→ **AIM OF THE TASK**
Reproduce exactly the lines of this material that begin at the line with "Місто на Тернопільщині" and end at the line with "DINING ROOM 8'", both included. Omit the pictures and everything else.

→ **DATA TO PROCESS**
[Start of section]

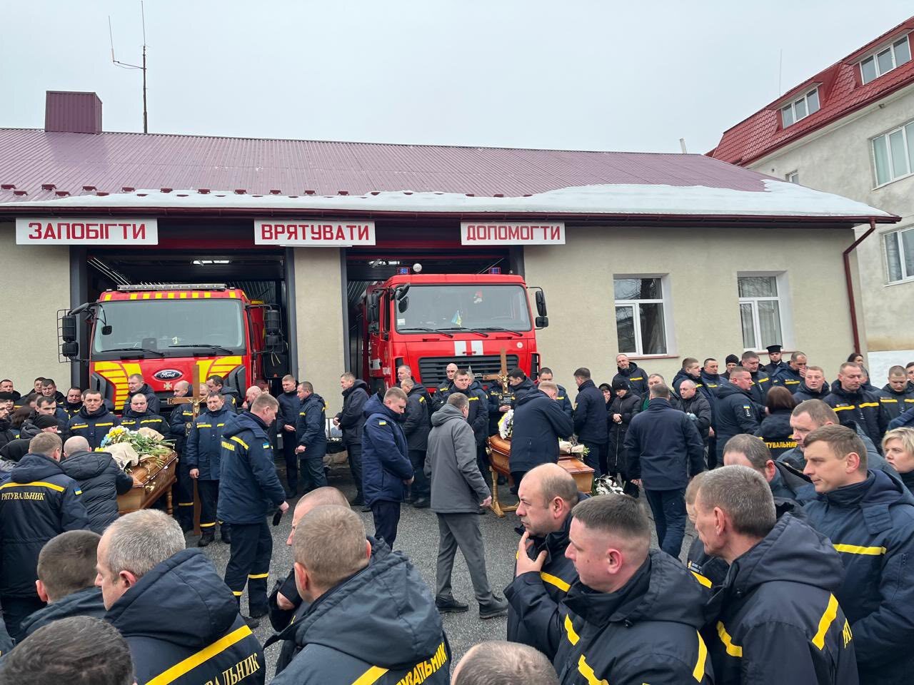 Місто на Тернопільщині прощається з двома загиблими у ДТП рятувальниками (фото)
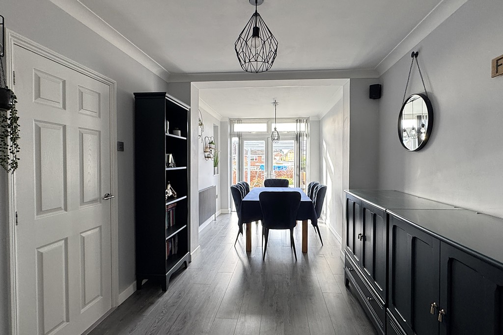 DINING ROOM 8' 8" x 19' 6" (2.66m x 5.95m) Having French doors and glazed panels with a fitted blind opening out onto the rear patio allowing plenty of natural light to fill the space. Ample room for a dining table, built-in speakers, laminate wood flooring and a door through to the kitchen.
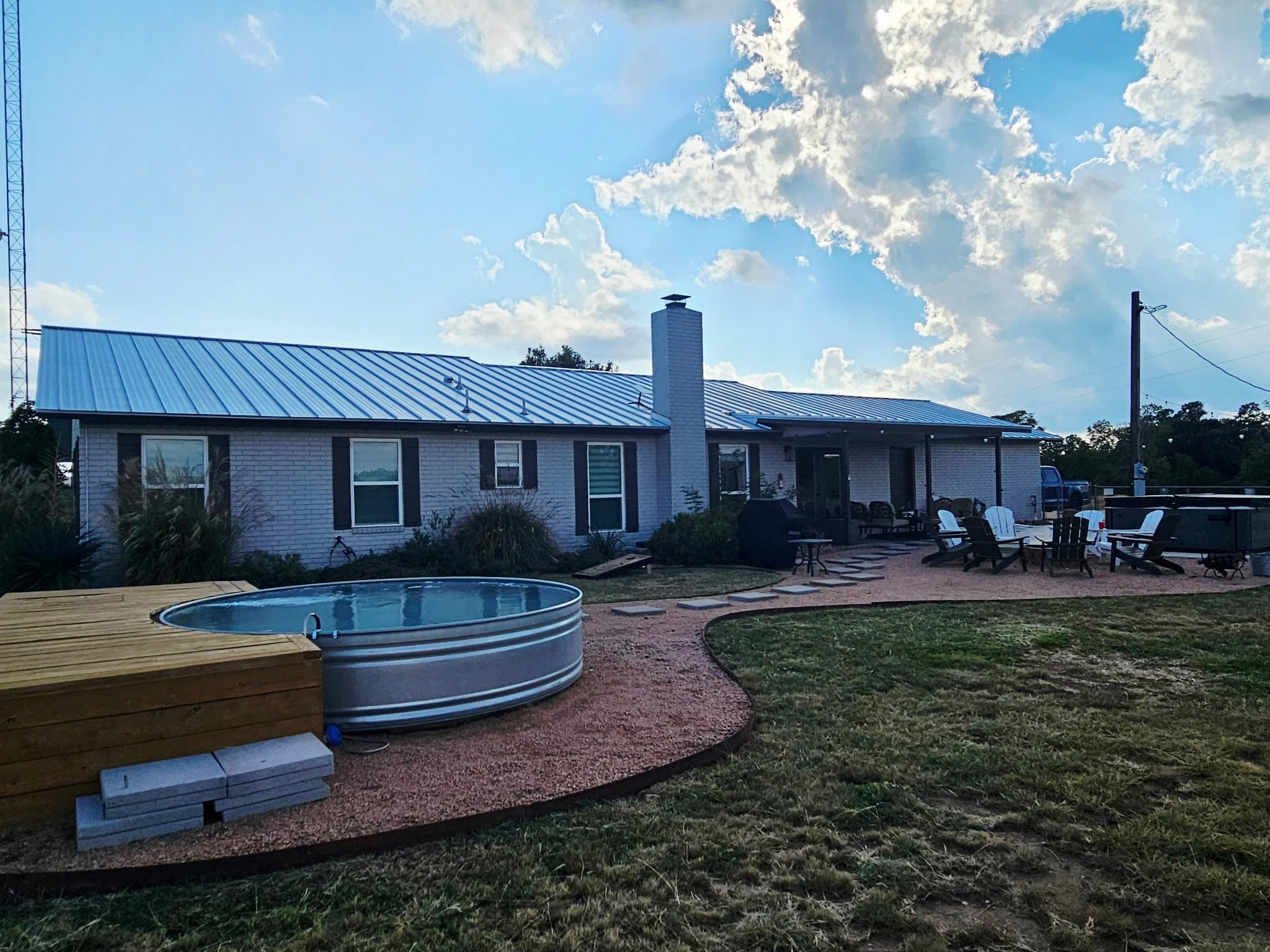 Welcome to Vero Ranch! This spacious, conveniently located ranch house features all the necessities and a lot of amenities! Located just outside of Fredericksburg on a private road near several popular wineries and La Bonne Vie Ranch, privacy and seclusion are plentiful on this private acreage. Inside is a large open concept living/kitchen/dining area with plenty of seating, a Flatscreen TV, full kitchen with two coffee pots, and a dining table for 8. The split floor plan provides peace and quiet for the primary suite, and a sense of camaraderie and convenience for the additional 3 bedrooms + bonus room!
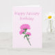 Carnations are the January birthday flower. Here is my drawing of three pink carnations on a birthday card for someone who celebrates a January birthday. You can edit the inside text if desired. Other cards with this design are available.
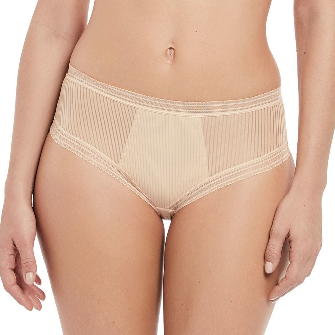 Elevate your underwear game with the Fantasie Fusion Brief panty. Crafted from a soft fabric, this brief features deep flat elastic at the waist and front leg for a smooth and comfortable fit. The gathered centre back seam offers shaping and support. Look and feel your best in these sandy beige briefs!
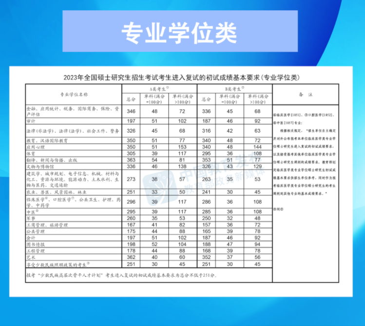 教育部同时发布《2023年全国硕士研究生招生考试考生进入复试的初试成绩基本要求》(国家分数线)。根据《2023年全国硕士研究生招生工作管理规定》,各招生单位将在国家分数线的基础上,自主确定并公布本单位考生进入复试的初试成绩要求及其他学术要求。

[End of section]
[Start of section]

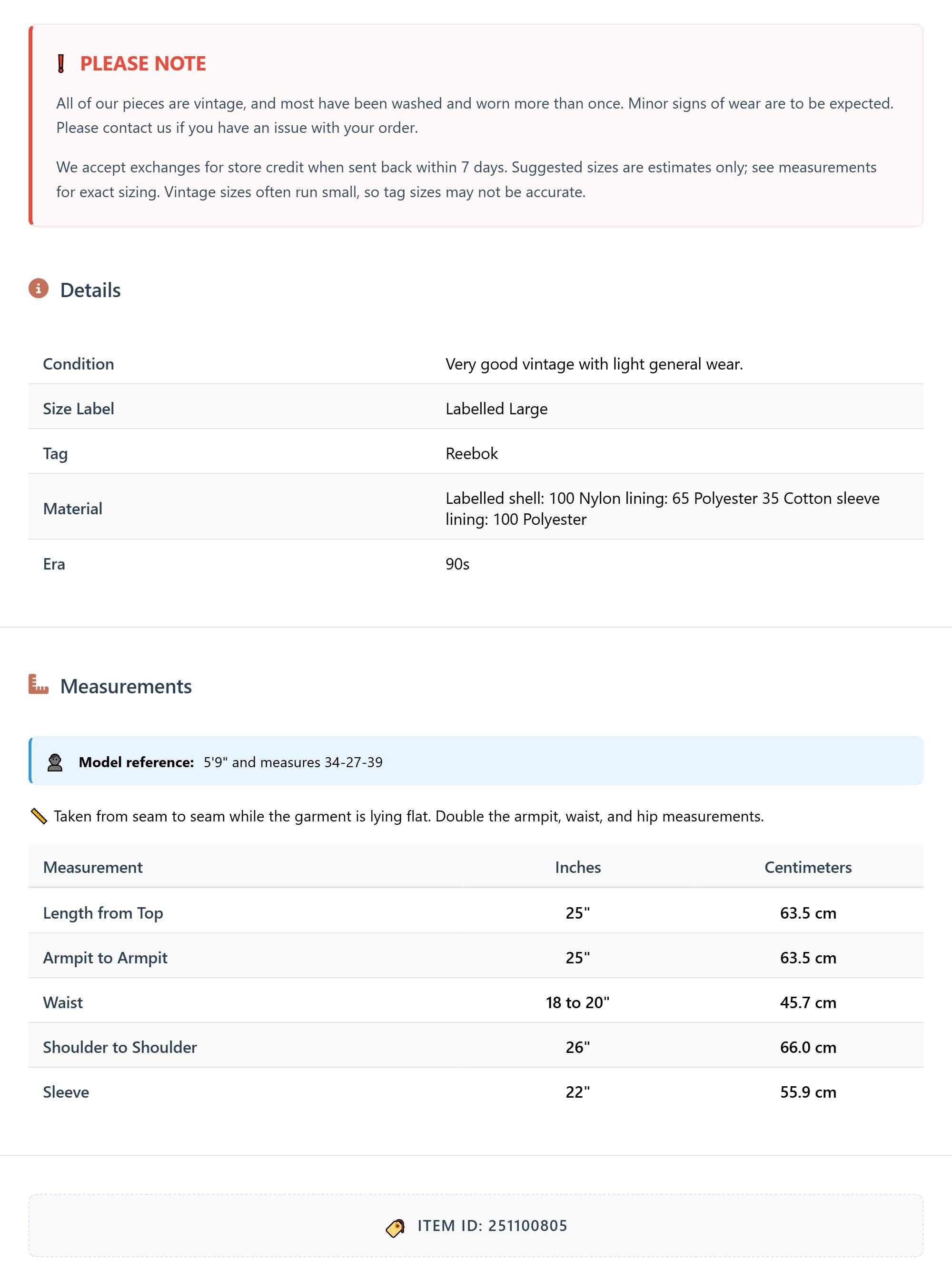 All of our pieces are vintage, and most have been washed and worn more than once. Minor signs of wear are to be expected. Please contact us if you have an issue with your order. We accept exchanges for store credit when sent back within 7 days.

[End of section]
[Start of section]

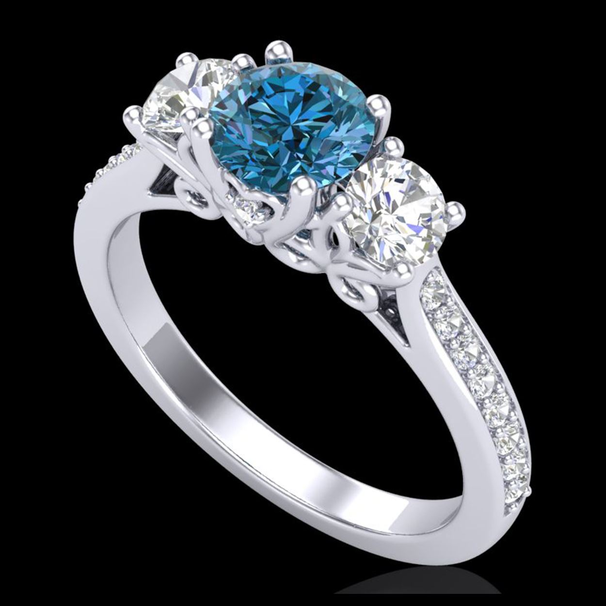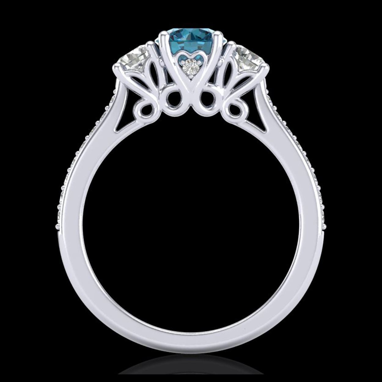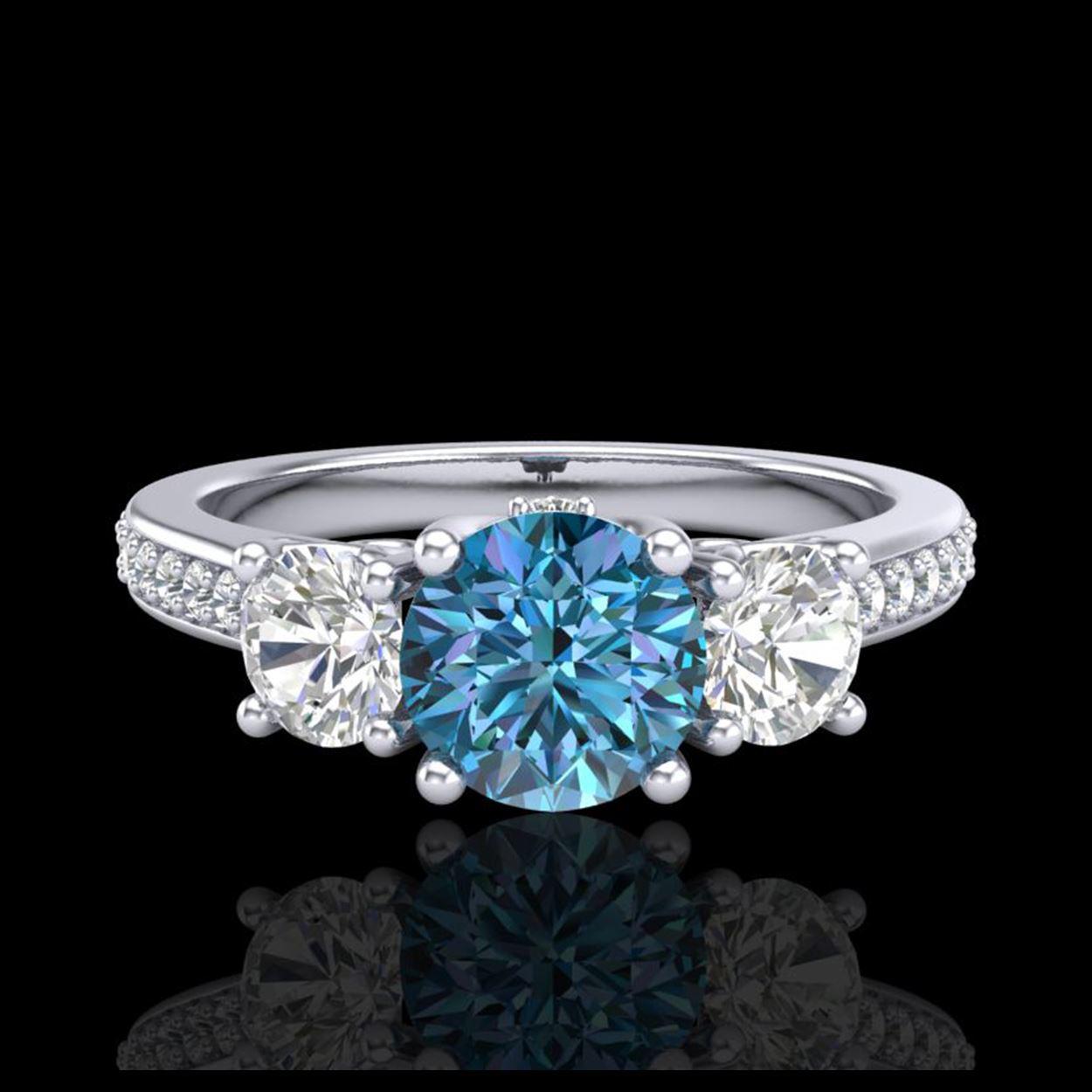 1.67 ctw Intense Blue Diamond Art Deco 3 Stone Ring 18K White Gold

[End of section]

→ **ANSWER BOX**
 Місто на Тернопільщині прощається з двома загиблими у ДТП рятувальниками (фото)
 DINING ROOM 8' 8" x 19' 6" (2.66m x 5.95m) Having French doors and glazed panels with a fitted blind opening out onto the rear patio allowing plenty of natural light to fill the space. Ample room for a dining table, built-in speakers, laminate wood flooring and a door through to the kitchen.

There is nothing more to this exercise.